Exercise objective -> The line holding "Flat scraper with" is the last one to output; start at the first line of the data, keep every line in between exactly, and leave out pictures.

[Source records]
..........
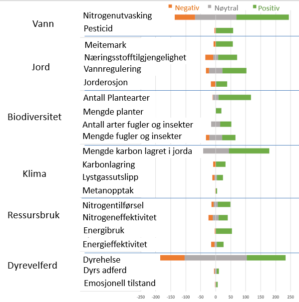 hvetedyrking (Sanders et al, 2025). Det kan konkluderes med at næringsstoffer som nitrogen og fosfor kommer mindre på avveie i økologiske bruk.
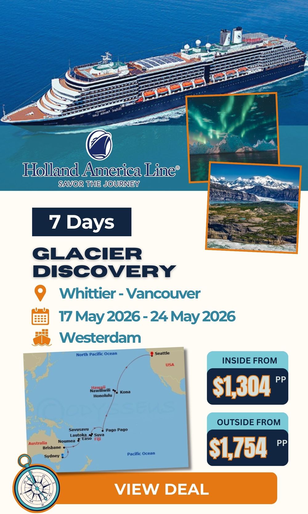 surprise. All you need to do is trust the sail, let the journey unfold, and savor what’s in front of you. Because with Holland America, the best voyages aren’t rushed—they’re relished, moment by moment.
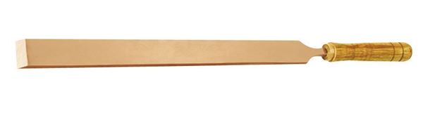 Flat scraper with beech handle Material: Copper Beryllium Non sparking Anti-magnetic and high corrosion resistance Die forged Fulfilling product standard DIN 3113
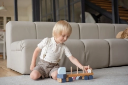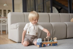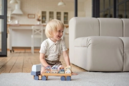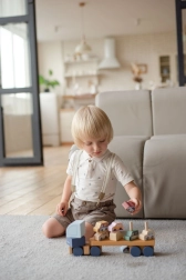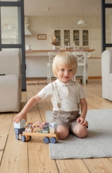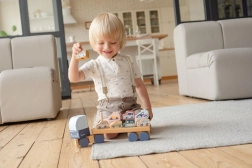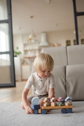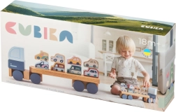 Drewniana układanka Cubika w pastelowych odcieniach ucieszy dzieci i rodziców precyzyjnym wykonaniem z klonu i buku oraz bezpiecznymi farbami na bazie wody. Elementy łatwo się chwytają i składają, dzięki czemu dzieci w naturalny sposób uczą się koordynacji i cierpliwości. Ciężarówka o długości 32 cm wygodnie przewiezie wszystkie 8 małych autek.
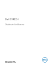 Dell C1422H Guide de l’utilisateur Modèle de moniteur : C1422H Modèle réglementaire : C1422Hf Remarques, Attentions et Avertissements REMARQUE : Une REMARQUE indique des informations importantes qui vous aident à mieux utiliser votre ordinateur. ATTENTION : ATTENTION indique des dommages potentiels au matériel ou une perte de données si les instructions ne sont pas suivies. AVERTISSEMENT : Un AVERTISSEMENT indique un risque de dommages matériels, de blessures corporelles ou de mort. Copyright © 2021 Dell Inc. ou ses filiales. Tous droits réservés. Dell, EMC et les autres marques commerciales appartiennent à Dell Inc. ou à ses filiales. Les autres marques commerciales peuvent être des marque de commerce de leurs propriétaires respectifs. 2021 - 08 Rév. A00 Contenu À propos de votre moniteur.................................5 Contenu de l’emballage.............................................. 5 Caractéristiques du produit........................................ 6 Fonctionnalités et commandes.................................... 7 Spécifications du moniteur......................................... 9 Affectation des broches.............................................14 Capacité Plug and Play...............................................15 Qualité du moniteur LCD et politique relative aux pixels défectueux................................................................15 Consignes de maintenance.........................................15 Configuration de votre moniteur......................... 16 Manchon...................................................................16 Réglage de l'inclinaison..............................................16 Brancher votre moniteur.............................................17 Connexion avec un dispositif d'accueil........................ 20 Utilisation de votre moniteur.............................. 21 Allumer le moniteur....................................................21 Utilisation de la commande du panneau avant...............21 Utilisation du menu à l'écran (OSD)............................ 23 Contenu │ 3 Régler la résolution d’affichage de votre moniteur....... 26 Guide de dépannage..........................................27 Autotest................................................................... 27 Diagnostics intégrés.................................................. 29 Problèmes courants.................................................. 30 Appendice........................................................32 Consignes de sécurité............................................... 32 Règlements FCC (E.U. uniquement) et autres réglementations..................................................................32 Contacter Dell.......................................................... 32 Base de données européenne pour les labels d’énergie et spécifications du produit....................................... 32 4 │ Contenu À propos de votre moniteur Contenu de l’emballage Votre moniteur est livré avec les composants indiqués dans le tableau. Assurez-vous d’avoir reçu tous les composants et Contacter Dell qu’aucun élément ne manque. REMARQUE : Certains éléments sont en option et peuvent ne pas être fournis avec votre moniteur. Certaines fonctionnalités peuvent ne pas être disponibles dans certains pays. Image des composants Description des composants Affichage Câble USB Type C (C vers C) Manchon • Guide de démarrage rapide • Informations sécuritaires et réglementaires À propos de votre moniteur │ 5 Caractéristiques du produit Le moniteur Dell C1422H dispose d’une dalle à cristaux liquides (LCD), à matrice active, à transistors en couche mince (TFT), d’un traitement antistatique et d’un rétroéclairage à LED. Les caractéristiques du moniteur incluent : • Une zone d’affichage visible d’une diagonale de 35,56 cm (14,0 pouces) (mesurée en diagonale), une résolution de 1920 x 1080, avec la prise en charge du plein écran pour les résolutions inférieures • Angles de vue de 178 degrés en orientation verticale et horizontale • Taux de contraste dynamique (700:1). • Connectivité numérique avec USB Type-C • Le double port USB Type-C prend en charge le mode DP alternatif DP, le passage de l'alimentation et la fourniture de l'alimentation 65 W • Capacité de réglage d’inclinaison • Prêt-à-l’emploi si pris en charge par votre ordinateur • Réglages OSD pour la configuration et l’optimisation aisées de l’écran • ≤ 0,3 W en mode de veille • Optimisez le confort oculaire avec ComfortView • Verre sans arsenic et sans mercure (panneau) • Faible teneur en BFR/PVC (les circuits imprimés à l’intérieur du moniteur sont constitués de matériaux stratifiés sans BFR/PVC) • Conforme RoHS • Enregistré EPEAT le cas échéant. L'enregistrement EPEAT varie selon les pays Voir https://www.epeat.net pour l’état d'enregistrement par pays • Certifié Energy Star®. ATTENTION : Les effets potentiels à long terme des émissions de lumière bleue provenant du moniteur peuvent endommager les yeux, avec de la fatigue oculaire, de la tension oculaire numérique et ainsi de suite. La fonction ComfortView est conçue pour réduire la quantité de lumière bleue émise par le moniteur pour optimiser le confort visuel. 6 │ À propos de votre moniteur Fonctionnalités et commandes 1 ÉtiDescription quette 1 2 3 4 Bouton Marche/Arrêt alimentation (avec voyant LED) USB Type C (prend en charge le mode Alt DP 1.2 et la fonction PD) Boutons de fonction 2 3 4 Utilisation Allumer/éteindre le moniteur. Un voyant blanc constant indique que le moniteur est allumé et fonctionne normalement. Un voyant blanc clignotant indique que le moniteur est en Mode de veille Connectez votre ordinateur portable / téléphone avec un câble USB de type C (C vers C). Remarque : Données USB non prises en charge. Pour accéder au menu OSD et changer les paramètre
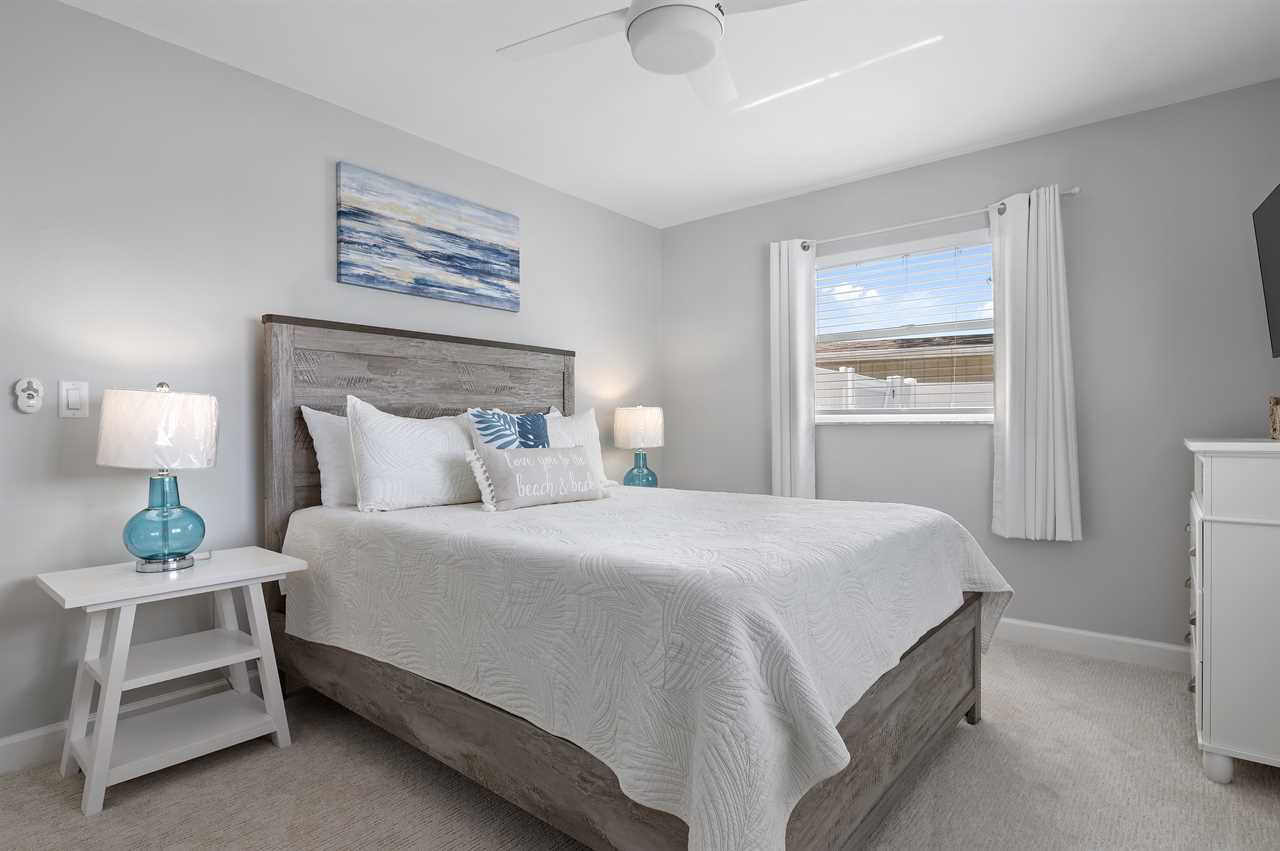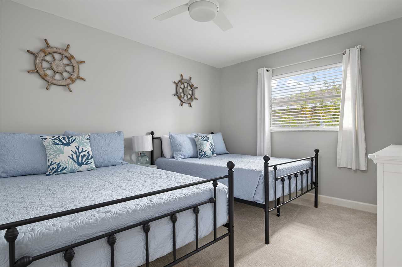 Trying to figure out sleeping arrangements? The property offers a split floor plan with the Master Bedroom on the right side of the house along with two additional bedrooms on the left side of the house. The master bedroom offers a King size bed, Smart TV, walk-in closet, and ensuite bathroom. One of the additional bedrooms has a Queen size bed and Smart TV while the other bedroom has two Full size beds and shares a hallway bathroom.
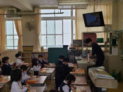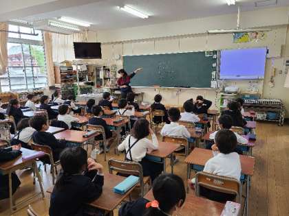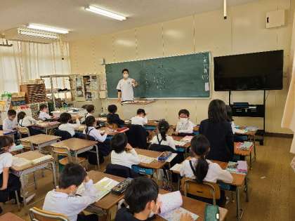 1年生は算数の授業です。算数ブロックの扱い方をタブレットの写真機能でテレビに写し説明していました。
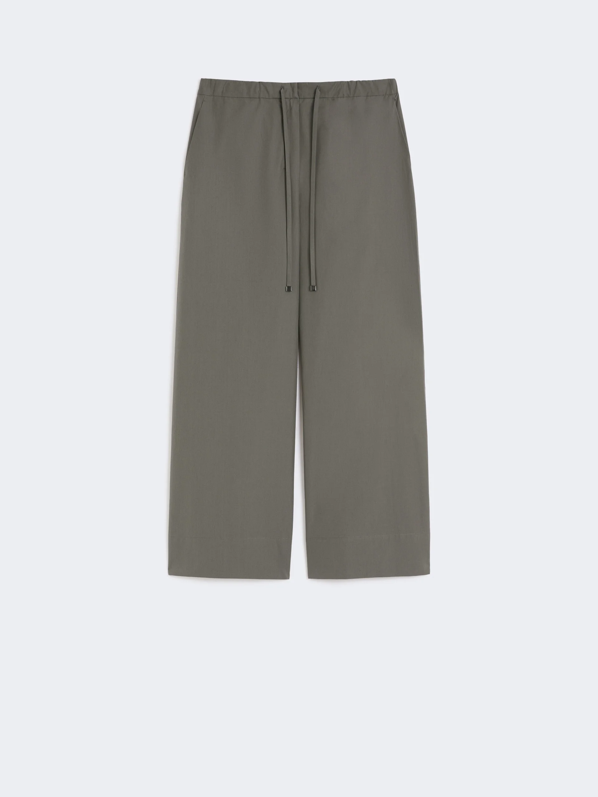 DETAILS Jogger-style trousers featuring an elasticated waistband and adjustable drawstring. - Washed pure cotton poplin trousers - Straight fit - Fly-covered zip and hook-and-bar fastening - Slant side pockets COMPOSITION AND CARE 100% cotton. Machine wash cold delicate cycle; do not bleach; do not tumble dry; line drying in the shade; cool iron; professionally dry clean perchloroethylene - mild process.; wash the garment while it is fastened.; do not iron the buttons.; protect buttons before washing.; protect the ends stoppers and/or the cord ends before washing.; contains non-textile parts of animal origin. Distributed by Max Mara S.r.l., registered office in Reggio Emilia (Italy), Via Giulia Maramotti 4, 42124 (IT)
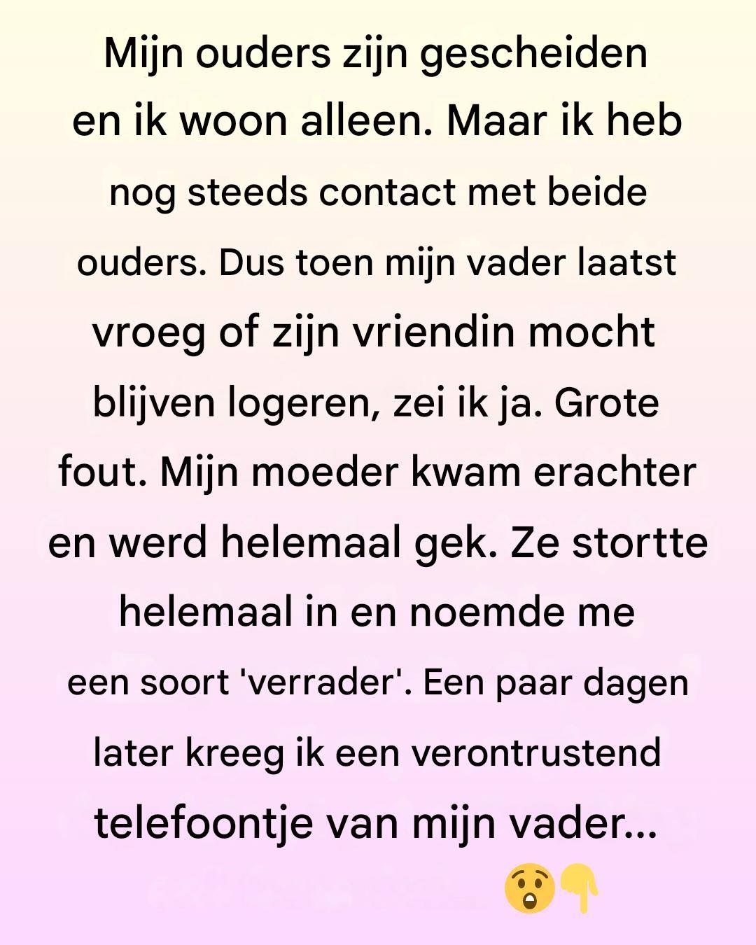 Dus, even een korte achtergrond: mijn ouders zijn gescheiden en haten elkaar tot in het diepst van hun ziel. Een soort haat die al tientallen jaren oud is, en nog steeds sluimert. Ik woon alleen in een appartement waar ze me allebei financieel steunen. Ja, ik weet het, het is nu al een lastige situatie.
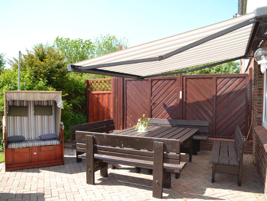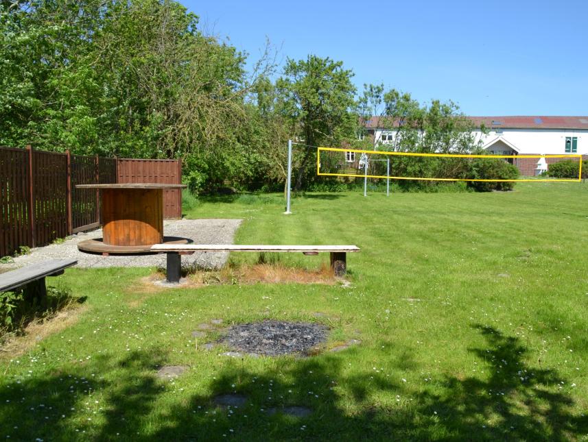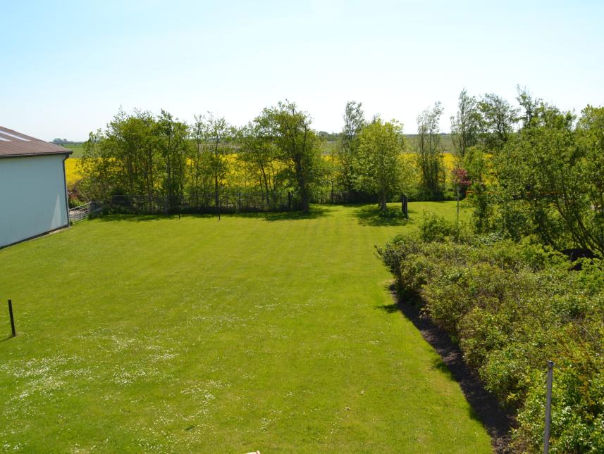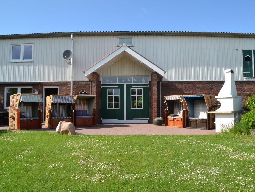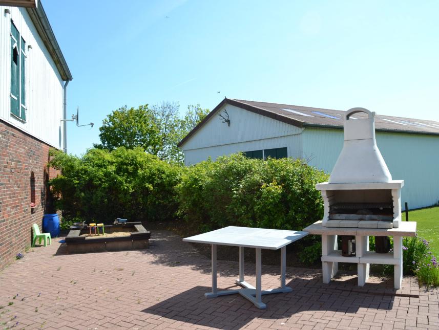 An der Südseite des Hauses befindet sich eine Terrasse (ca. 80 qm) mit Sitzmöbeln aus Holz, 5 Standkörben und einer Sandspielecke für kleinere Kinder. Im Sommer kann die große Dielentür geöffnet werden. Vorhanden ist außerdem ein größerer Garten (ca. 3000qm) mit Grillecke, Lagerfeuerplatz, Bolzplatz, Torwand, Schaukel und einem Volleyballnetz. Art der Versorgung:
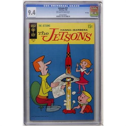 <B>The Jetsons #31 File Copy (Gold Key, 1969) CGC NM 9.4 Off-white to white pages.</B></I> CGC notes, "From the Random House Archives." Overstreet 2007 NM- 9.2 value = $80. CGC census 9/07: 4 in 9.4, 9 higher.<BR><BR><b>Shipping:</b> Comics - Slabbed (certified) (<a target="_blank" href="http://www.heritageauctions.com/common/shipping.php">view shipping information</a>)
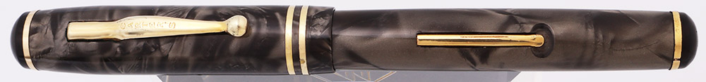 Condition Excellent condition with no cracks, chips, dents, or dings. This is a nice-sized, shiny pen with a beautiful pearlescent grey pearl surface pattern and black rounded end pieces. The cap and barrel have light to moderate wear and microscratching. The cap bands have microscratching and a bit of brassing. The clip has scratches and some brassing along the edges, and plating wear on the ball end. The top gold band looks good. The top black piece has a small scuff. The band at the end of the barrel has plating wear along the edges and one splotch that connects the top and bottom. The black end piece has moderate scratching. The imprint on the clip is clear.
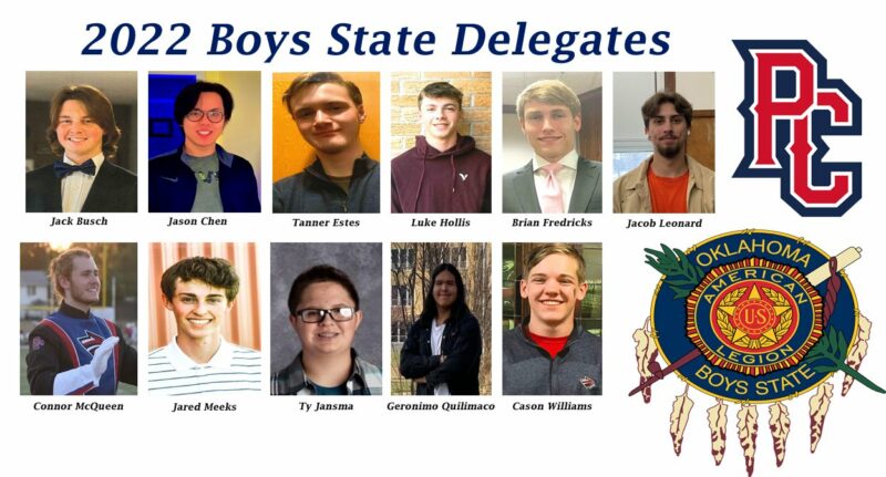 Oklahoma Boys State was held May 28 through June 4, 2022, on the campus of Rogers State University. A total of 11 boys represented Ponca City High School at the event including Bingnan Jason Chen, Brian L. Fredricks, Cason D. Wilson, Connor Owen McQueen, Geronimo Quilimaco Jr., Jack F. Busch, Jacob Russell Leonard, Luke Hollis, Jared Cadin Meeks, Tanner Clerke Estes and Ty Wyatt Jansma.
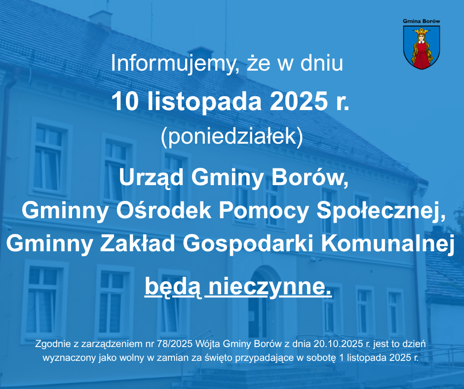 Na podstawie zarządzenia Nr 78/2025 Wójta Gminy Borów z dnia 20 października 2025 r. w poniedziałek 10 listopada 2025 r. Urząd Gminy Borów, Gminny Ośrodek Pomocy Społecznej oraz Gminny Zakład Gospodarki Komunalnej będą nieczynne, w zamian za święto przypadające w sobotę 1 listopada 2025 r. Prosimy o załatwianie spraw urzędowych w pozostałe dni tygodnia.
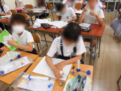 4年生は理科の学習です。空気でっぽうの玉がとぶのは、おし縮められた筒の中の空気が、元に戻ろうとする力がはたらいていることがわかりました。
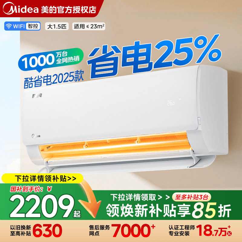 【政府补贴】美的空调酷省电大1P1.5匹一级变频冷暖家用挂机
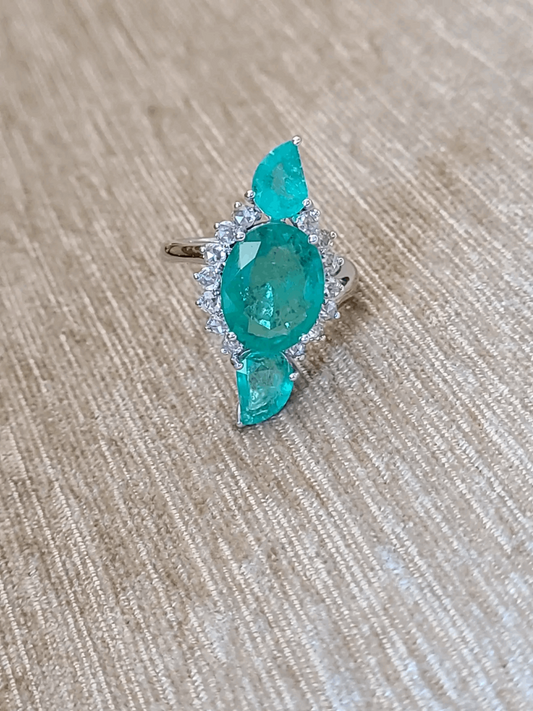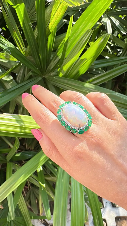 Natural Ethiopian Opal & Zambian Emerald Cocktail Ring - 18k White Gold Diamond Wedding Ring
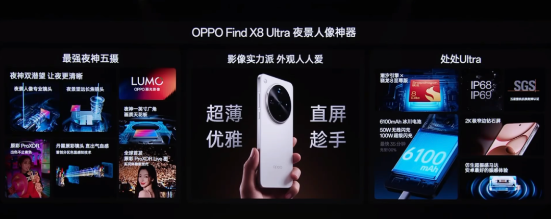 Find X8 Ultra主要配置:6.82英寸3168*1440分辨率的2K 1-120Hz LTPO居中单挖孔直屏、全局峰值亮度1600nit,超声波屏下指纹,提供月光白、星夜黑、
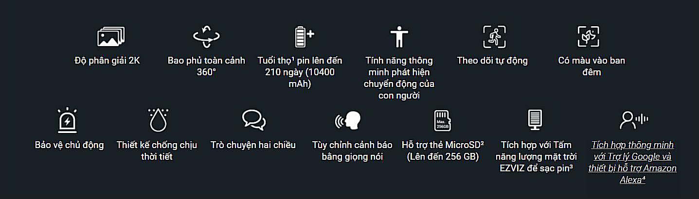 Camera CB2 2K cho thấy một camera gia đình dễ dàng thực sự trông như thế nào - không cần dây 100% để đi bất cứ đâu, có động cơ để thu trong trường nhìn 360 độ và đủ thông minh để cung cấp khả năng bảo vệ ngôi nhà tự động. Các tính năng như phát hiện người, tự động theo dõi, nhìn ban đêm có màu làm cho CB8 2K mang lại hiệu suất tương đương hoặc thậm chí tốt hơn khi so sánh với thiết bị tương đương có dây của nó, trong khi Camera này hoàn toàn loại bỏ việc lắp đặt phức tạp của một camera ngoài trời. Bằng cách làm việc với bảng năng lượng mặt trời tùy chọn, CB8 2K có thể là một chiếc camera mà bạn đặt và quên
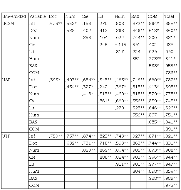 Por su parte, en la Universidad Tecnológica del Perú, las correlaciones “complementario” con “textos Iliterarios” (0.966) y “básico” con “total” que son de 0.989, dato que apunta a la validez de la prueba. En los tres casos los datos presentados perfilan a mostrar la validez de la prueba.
..........
Expected answer ->
 hvetedyrking (Sanders et al, 2025). Det kan konkluderes med at næringsstoffer som nitrogen og fosfor kommer mindre på avveie i økologiske bruk.
 surprise. All you need to do is trust the sail, let the journey unfold, and savor what’s in front of you. Because with Holland America, the best voyages aren’t rushed—they’re relished, moment by moment.
 Flat scraper with beech handle Material: Copper Beryllium Non sparking Anti-magnetic and high corrosion resistance Die forged Fulfilling product standard DIN 3113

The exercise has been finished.